すると狙い通り3匹はこちらに気づいて向かってきた。
たわいもない。先頭切って飛びかかってきたウルフの頭をカウンター気味に刎ね飛ばす。
「さぁてもうあと2匹だ」
残りのウルフたちは仲間が一瞬にしてやられたのを見て慎重になってしまった。あたしを挟んだ位置取りで同時に襲いかかってくるつもりだろう。
甘いねえ犬っころども。
そんなに離れてていいのかな?
懐から、匙を少しだけ長くした大きさのワンドを取り出し左手に構える。
「クイックキャスト!ウィンドカッター」
簡略詠唱に奴らも反応できず、はさみ打ちを狙ってたうちの1匹をこれで片付けた。
右手に細剣。左手にワンド。ナリは白魔道士だけど使ったのは黒魔法。
さてどうするワンちゃん。
尻尾巻いて逃げるかい?
《あおおおおおぉぉぉぉぉぉぉん!!!》
あ……やば……
ザザザザザザザザザザザザ
うわあああああ周りのウルフたちが一斉にこっち来たああ!
「油断したよくそぉ!」ザシュッ
未だ吠え続けていたウルフはその場で首を落とし、あたしは猛ダッシュで杖の位置まで戻りだした。
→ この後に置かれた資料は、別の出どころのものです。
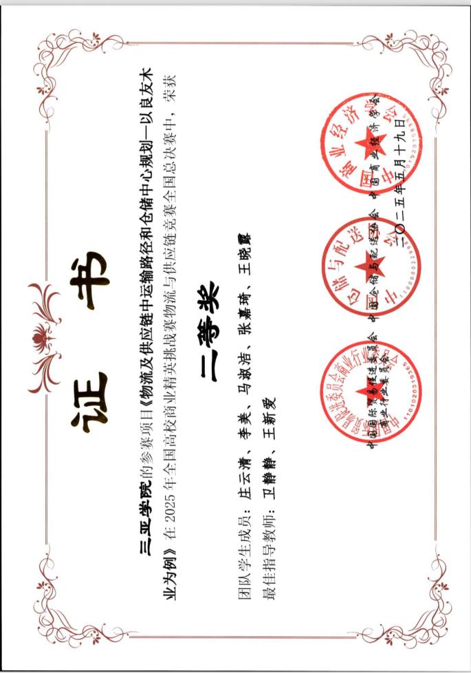 通过一系列精心设计的课程和实践项目,学生们不仅掌握了扎实的专业知识,还培养了团队协作、创新思维和解决实际问题的能力。学院注重学生的实践能力培养,通过实验室教学、企业实训、学科竞赛等方式,使学生能够将所学知识应用于实际工作中。近两年来,学生在全国高校商业精英挑战赛国际贸易竞赛全国总决赛、全国大学生智慧供应链创新创业挑战赛、京东物流杯全国智能供应链大学生竞赛等学科竞赛中,获得多项国家级奖项。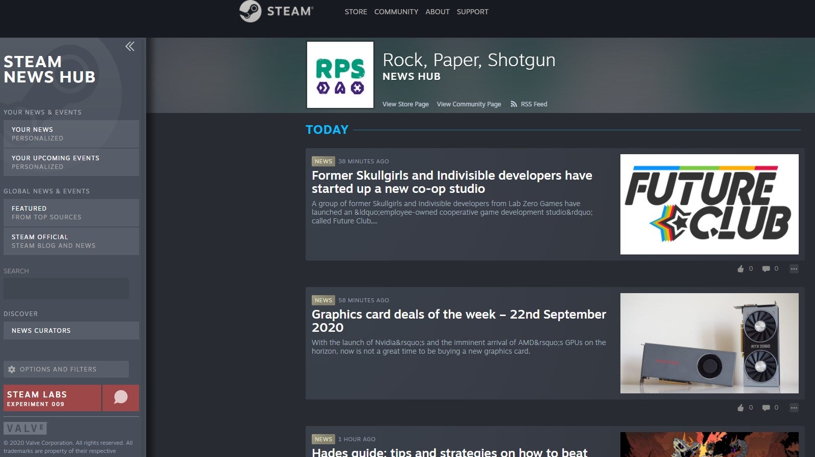 Steam Labs' News Hub experiment has beenin the works since March, but now it’s nearly finished. In a big update before its full launch, you’re now able to see news and articles from your favourite delightful and quirky PC gaming websites. Previously, the News Hub was limited to developer updates from games you play and follow, but now there’s a selection of other sources including “top sites” (like RPS, of course), with more to come in the future.Steam Labs is where Valve conduct all their mad science to come up with features that might improve the platform. Recentlyit introduced optional chat filtersfor profanity and slurs, and it’s also birtheda system that tells you what games you should play next.And now we have a system that tells you what news to read next. You can have a browse of the Steam News Hub for yourselfright here.On your feed, it will automatically show you updates and posts from developers of games you play (you automatically follow these sources if a game is in your library), with a new option to have articles from news outlets appear, too. I’ve given it a little go, and yeah, it’s pretty good. It’s nice to see bits and pieces from game devs themselves mixed in with posts from external websites right there on Steam.News sources use the Steam Curator system, so any curators you currently follow will already show up in your new News Hub without needing to follow them again. If you are looking to follow someone new, just head over to theircurator pageand smash that big green “follow” button.The big idea behind all this is to let you completely personalise your feed to your own tastes, so you’re able to unfollow and mute sources if you just don’t want to see them at all. There are also a load of filters allowing you to hide or show certain content, including an option to hide all the external news entirely, if you so wish.While they don’t give an actual date for Steam New Hub’s full launch,Valve do sayit’s “nearing completion”. So, it shouldn’t be long now before it graduates from Steam Labs Experiment, to fully fledged feature.

見回せばどうやらローブの奴もトバッチリを受けたようで杖の方に向かってる。
杖との距離はお互い同じくらいか。
だけどどちらにせよ遠い。これなら余裕で群れに追いつかれる。振り返ればまた20匹ほどこちらに向かって駆けてきていた。
あたしだけに20匹だ。ローブの方の奴らを加えればその倍にはなるだろう。
なんでこいつらこんな平原まで生息域広げてんだよ。普通山にいるような魔物だろこいつら。
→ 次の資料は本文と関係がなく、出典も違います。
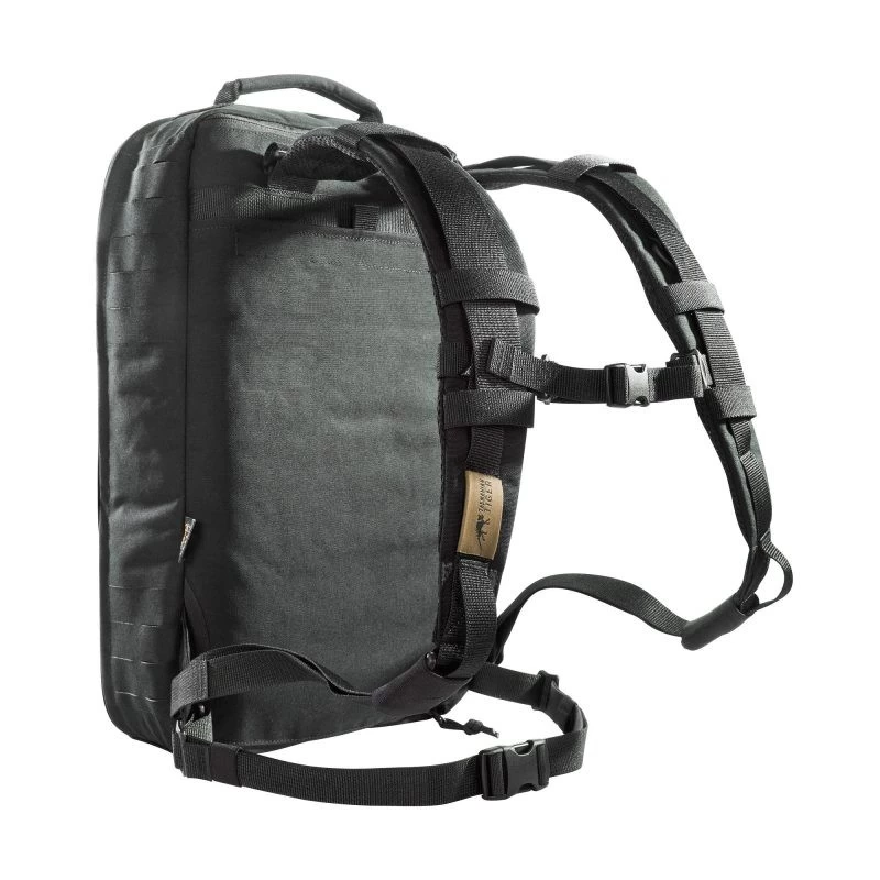 Größerer Medic-Rucksack mit intelligenter, übersichtlicher Innenaufteilung. Der TT Medic Assault Pack L MK II bietet nun die dritte Größe des bewährten Medic-Rucksacks von Tasmanian Tiger. Der Rucksack ist ca. 4 cm (ein Molle-Streifen) tiefer als die beiden kleineren Modelle. Das MOLLE-System auf der Front und an den Seiten ist in Laser Cut-Technik ausgeführt. Am Boden befindet sich eine Fixiermöglichkeit für eine Rettungsdecke. Die leichten, gepolsterten Schulterträger können abgenommen und in einer Tasche mit Klettverschluss am Rücken verstaut werden, eine Adaption des Rucksacks auf Plattenträger und Westen durch entsprechendes, mitgeliefertes Gurtband ist möglich. Verstaubare Tragegriffe dienen dem Schnelltransport im Notfall.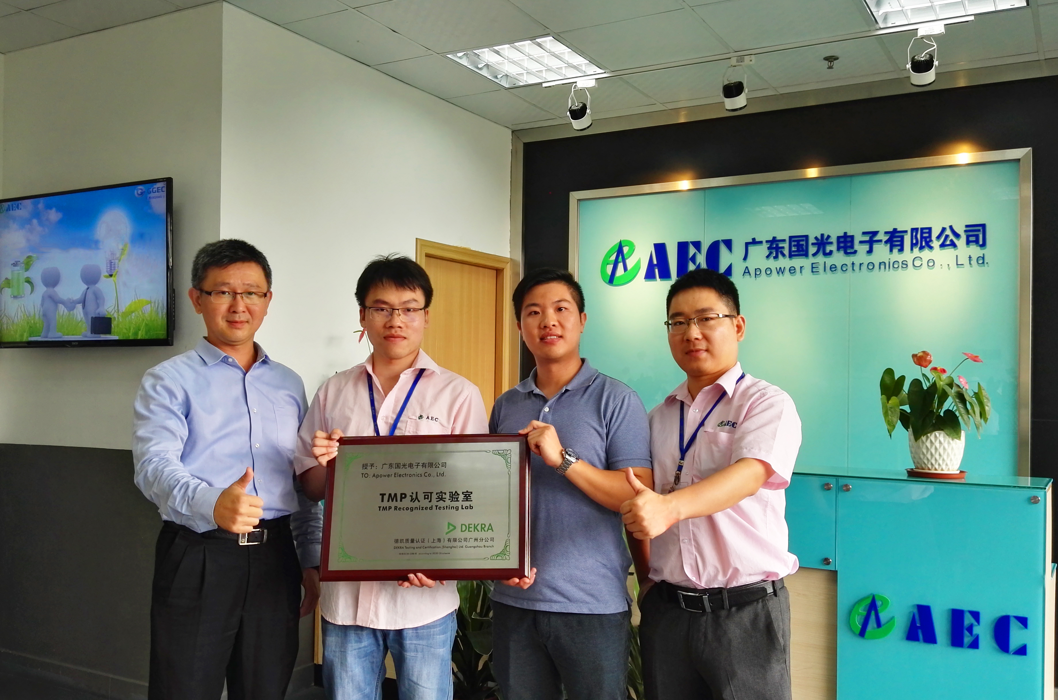 國(guó)光電子為保證其公司產(chǎn)品品質(zhì),做好客戶服務(wù)工作,特別成立項(xiàng)目小組建立“第三方檢測(cè)認(rèn)證機(jī)構(gòu)觀測(cè)實(shí)驗(yàn)室”,并與 DEKRA 進(jìn)行緊密合作。8月15日,國(guó)光電子榮獲由 DEKRA 授予的 TMP 認(rèn)可實(shí)驗(yàn)室資質(zhì)。國(guó)光電子獲得此資質(zhì),代表公司實(shí)驗(yàn)室的技術(shù)水平、測(cè)試設(shè)備、人員配備等方面條件擁有雄厚的實(shí)力。

と、あたしは誰にぶつけるわけでもない今さらな言い訳をつらつらと並べる。
「ローブ!さすがにこの数1人ずつじゃ捌けない。2人で一旦まとまろう!」
「…………。」
分かんない!お互い走ってるから首振ってんのか振ってないのか、はたまた聞こえてないのか。それでも意図は察してくれたのか、あたしの方にローブは寄ってきた。互いに杖を挟んだ位置の群れに向かわなかったのが功を奏した。
あたしはローブの奴と背中合わせになって細剣を構える。周りはすっかりウルフの群れに囲まれてしまった。